[[ EXTRACTED MATERIAL open ]]

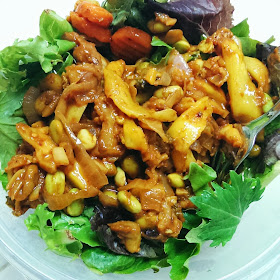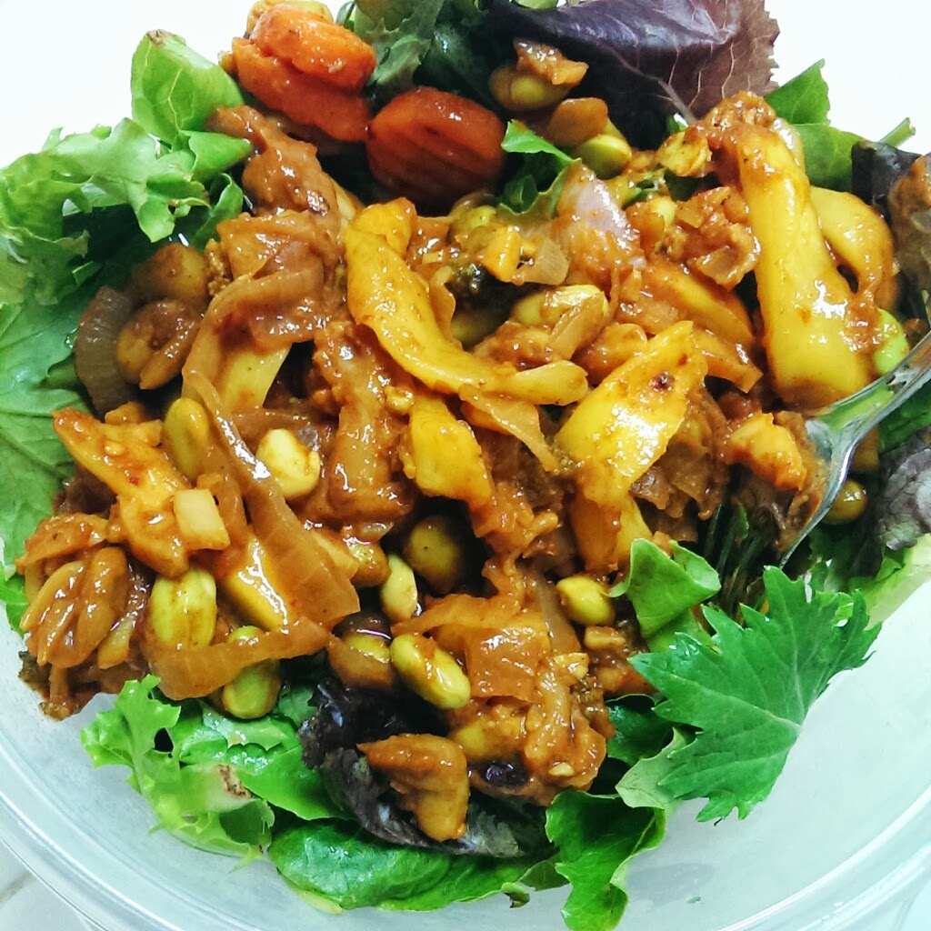 Use a small amount of vegetable stock to sauté red onion and garlic on medium heat until tender. Add the rest of the vegetable stock (or coconut milk) along with red curry paste, ginger, brown sugar, curry powder, Chinese five spice, and cinnamon. Fold in jackfruit, edamame, carrots, broccoli, and cauliflower. Cover and cook on medium-low heat until veggies are tender. Incorporate red pepper flake and cashews and cook covered on low for 5 more minutes before serving. Season with sea salt and freshly ground black pepper to taste.
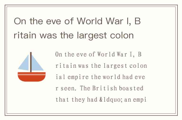 On the eve of World War I, Britain was the largest colonial empire the world had ever seen. The British boasted that they had “an empire _____________”. A. on which the sun never rise B. on which the moon never set C. on which the sun never set D. on which the sun rarely set
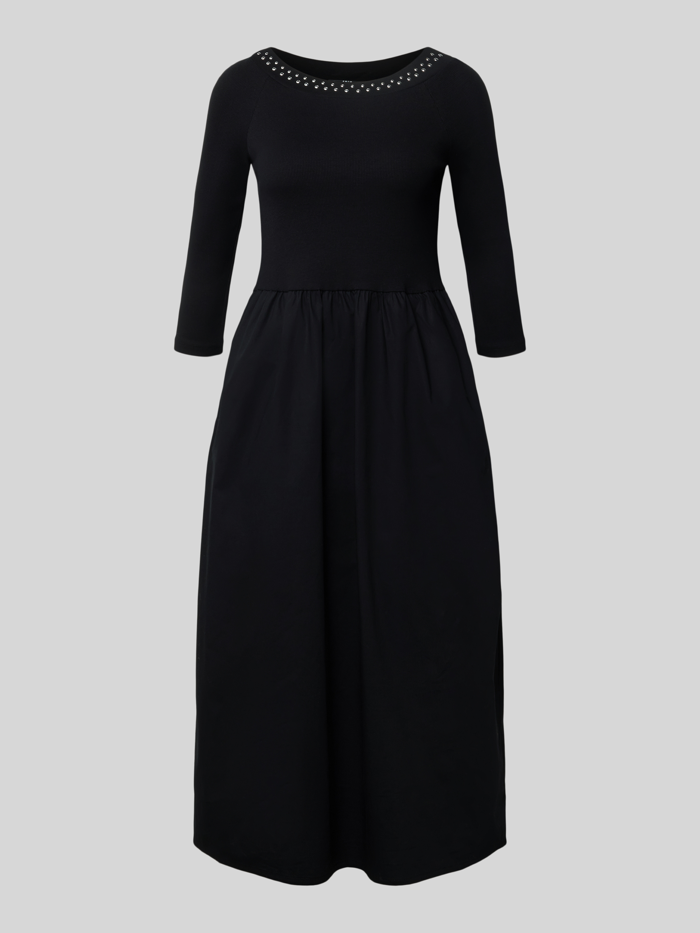 Das Midikleid von Zero zeichnet sich durch einen ausgestellten Schnitt aus, der Bewegungsfreiheit schafft und eine natürliche Silhouette unterstützt. Der Rundhalsausschnitt und dezente Nieten setzen zurückhaltende Akzente, während der Baumwoll-Elasthan-Mix ein angenehmes Tragegefühl ermöglicht. Mit 3/4-Ärmeln eignet sich das Kleid für unterschiedliche Anlässe.
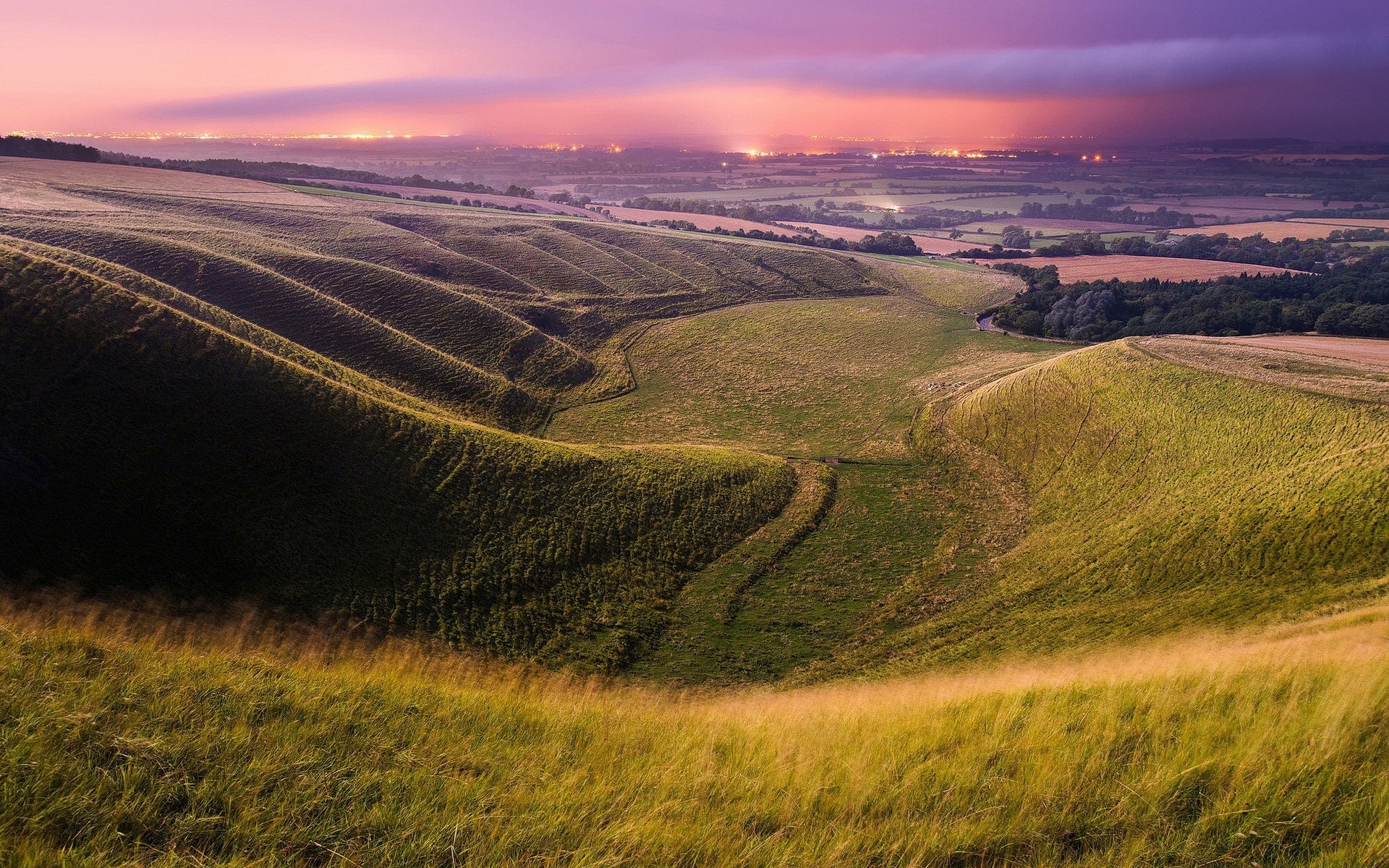A landscape of mountainous terrain with a gloomy sky and a rainbow
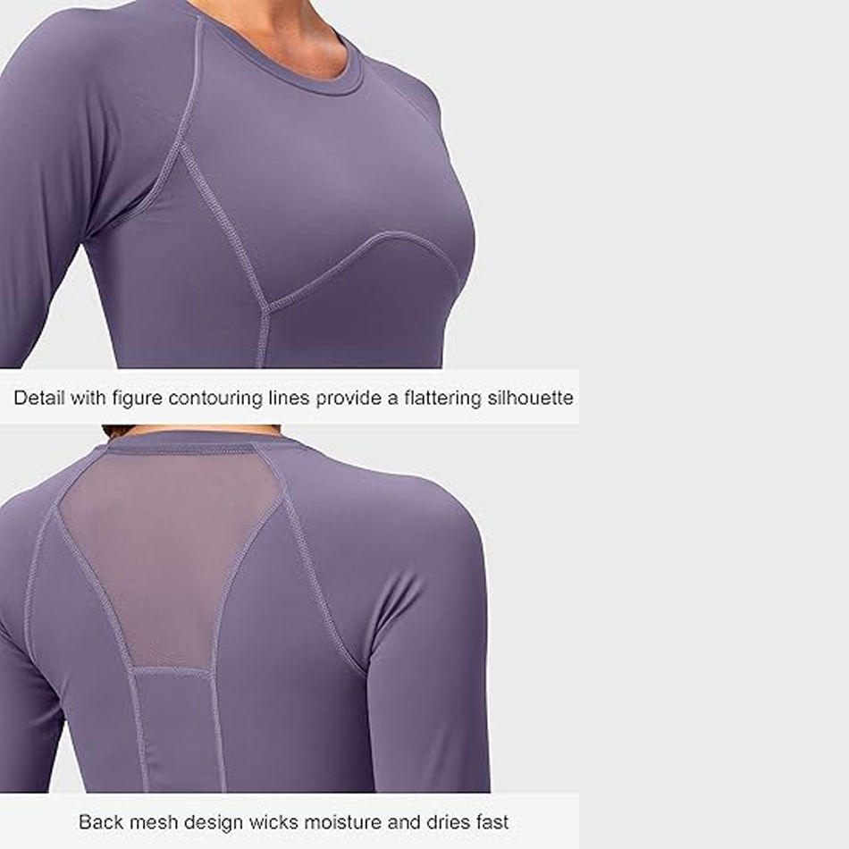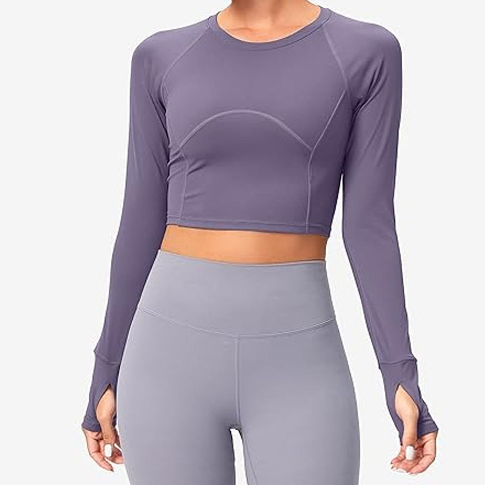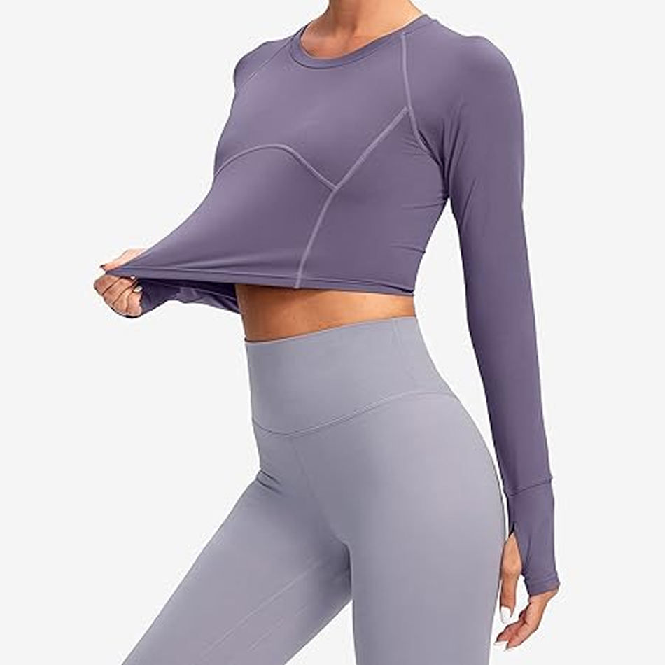 กางเกงออกกำลังกายผู้หญิงแบบใหม่ แขนยาว กระชับรูปร่าง เอวยืดหยุ่น ผลิตจากโพลีเอสเตอร์/ไนลอน เสื้อโยคะสำหรับออกกำลังกาย

[[ EXTRACTED MATERIAL closed ]]

== WORK TASK ==
Only the lines from the line containing "Das Midikleid von" through the last line of the entries above should be reproduced, word for word and without pictures.

== EXPECTED ANSWER ==
 Das Midikleid von Zero zeichnet sich durch einen ausgestellten Schnitt aus, der Bewegungsfreiheit schafft und eine natürliche Silhouette unterstützt. Der Rundhalsausschnitt und dezente Nieten setzen zurückhaltende Akzente, während der Baumwoll-Elasthan-Mix ein angenehmes Tragegefühl ermöglicht. Mit 3/4-Ärmeln eignet sich das Kleid für unterschiedliche Anlässe.
A landscape of mountainous terrain with a gloomy sky and a rainbow
 กางเกงออกกำลังกายผู้หญิงแบบใหม่ แขนยาว กระชับรูปร่าง เอวยืดหยุ่น ผลิตจากโพลีเอสเตอร์/ไนลอน เสื้อโยคะสำหรับออกกำลังกาย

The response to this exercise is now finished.